### Data supplied ###

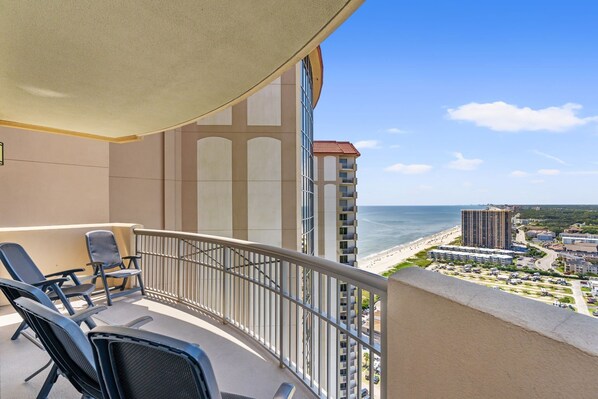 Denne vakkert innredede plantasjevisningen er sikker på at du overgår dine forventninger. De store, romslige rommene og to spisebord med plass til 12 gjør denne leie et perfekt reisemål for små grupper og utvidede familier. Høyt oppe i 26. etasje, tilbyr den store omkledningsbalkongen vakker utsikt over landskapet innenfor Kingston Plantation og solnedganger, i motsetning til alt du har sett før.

###
### Data supplied ###

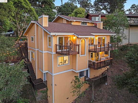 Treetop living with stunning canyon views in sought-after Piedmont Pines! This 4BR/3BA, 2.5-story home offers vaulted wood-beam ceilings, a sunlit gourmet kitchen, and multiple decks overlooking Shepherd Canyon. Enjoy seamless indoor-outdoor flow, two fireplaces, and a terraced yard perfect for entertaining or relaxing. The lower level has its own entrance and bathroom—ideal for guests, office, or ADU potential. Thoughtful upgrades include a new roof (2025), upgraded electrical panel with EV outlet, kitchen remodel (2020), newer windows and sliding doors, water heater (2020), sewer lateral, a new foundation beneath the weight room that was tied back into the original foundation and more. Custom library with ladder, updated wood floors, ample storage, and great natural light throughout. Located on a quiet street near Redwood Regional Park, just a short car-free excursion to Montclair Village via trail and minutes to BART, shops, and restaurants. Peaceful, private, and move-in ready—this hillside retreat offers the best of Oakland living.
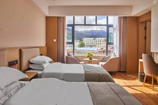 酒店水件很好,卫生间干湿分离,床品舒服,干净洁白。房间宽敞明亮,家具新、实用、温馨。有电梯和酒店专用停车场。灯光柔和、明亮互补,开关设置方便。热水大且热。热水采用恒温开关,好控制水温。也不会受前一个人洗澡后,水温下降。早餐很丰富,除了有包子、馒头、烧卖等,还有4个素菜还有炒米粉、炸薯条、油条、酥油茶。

###

Task goal -
Starting with the line that contains "Treetop living with" and finishing with the line that contains "酒店水件很好,卫生间干湿分离", reproduce every line of the material above exactly, but not the pictures.

Result of this exercise -
 Treetop living with stunning canyon views in sought-after Piedmont Pines! This 4BR/3BA, 2.5-story home offers vaulted wood-beam ceilings, a sunlit gourmet kitchen, and multiple decks overlooking Shepherd Canyon. Enjoy seamless indoor-outdoor flow, two fireplaces, and a terraced yard perfect for entertaining or relaxing. The lower level has its own entrance and bathroom—ideal for guests, office, or ADU potential. Thoughtful upgrades include a new roof (2025), upgraded electrical panel with EV outlet, kitchen remodel (2020), newer windows and sliding doors, water heater (2020), sewer lateral, a new foundation beneath the weight room that was tied back into the original foundation and more. Custom library with ladder, updated wood floors, ample storage, and great natural light throughout. Located on a quiet street near Redwood Regional Park, just a short car-free excursion to Montclair Village via trail and minutes to BART, shops, and restaurants. Peaceful, private, and move-in ready—this hillside retreat offers the best of Oakland living.
 酒店水件很好,卫生间干湿分离,床品舒服,干净洁白。房间宽敞明亮,家具新、实用、温馨。有电梯和酒店专用停车场。灯光柔和、明亮互补,开关设置方便。热水大且热。热水采用恒温开关,好控制水温。也不会受前一个人洗澡后,水温下降。早餐很丰富,除了有包子、馒头、烧卖等,还有4个素菜还有炒米粉、炸薯条、油条、酥油茶。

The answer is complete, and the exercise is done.